### BRIEF
Reproduce exactly, and only, the lines of the material below running from the line bearing "MID-CENTURY TEAK OFFICE" through the line bearing "南京:城门挂春联 喜庆迎新春". Leave any pictures out.

### RECORDS FOR THE EXERCISE
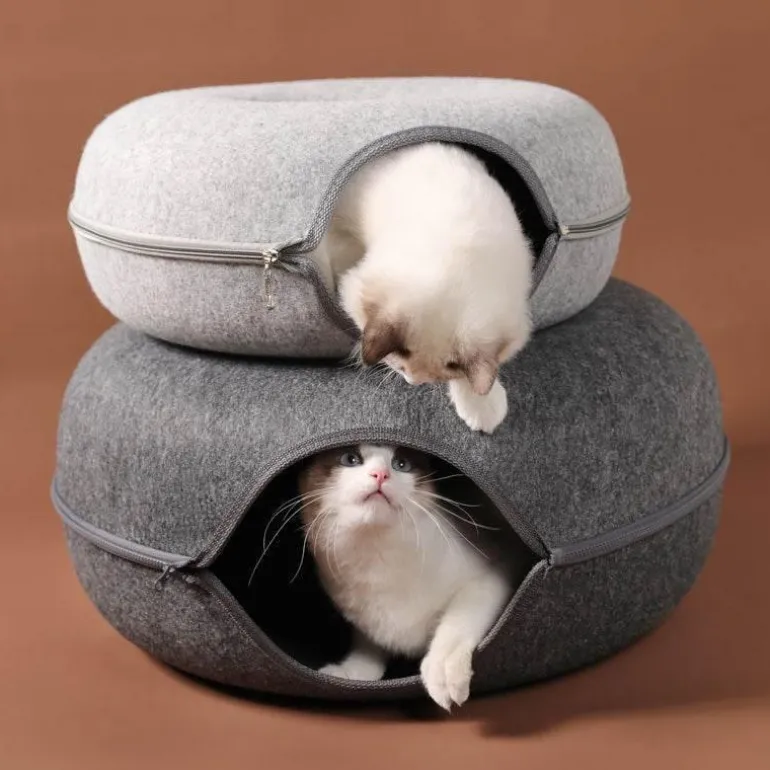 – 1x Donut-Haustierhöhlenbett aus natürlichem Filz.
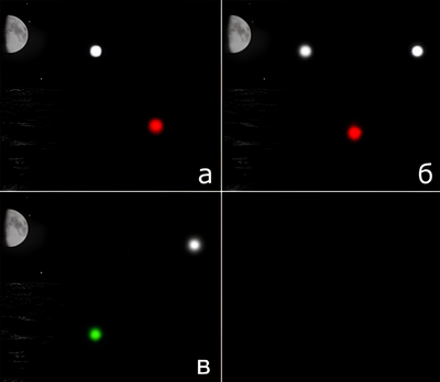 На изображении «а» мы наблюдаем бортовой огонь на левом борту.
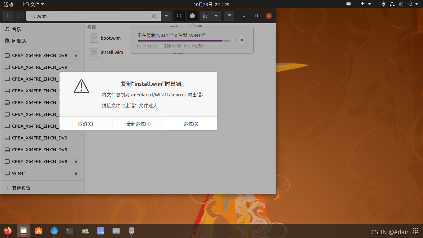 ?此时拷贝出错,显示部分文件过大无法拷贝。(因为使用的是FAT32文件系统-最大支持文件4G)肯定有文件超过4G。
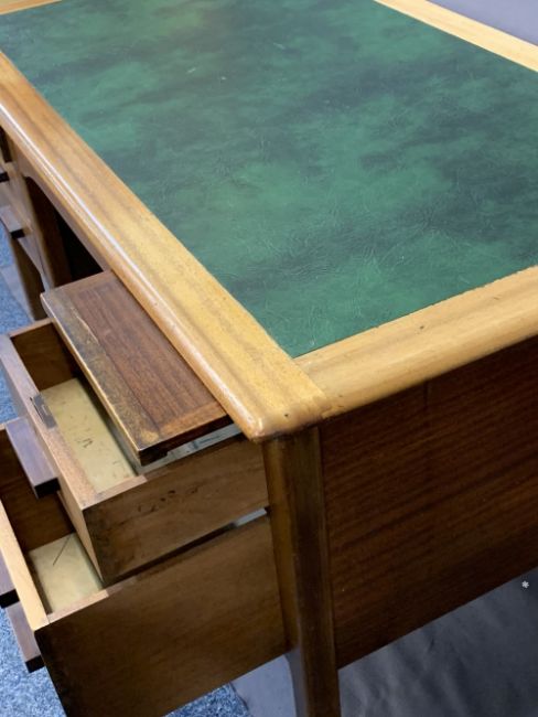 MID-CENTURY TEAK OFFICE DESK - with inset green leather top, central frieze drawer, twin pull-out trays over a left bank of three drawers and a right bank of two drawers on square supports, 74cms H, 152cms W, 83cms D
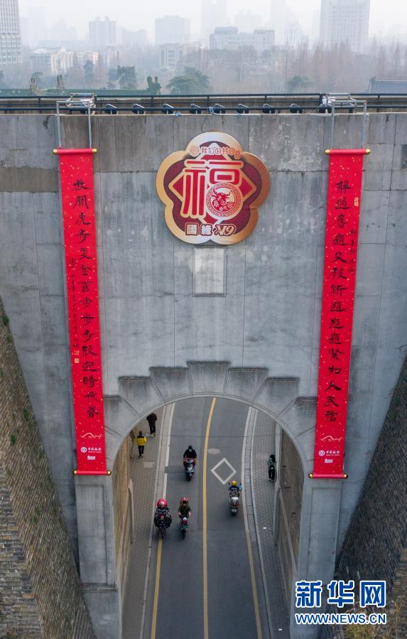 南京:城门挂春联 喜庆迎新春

* * *

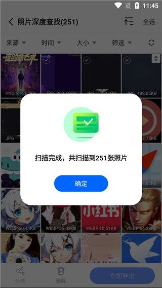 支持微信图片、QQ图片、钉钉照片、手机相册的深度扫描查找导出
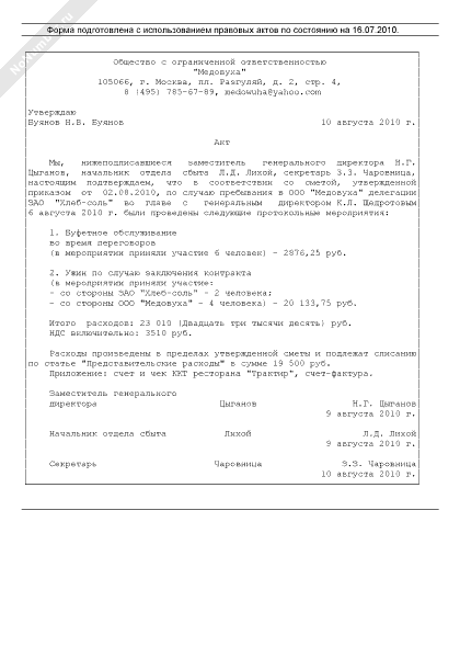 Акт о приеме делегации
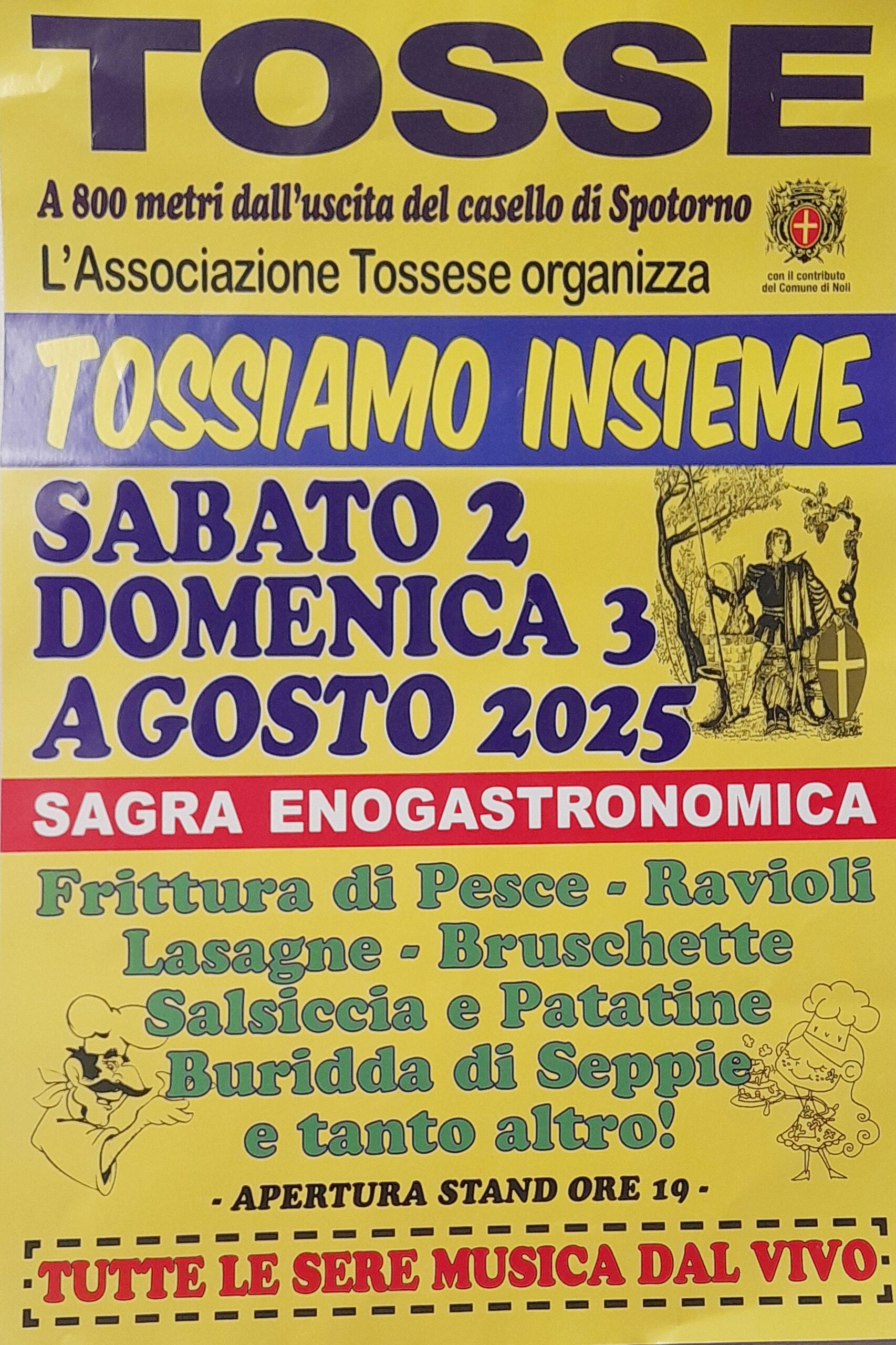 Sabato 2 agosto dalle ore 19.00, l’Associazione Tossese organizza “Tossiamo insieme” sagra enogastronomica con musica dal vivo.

### SOLVED PROBLEM
 MID-CENTURY TEAK OFFICE DESK - with inset green leather top, central frieze drawer, twin pull-out trays over a left bank of three drawers and a right bank of two drawers on square supports, 74cms H, 152cms W, 83cms D
 南京:城门挂春联 喜庆迎新春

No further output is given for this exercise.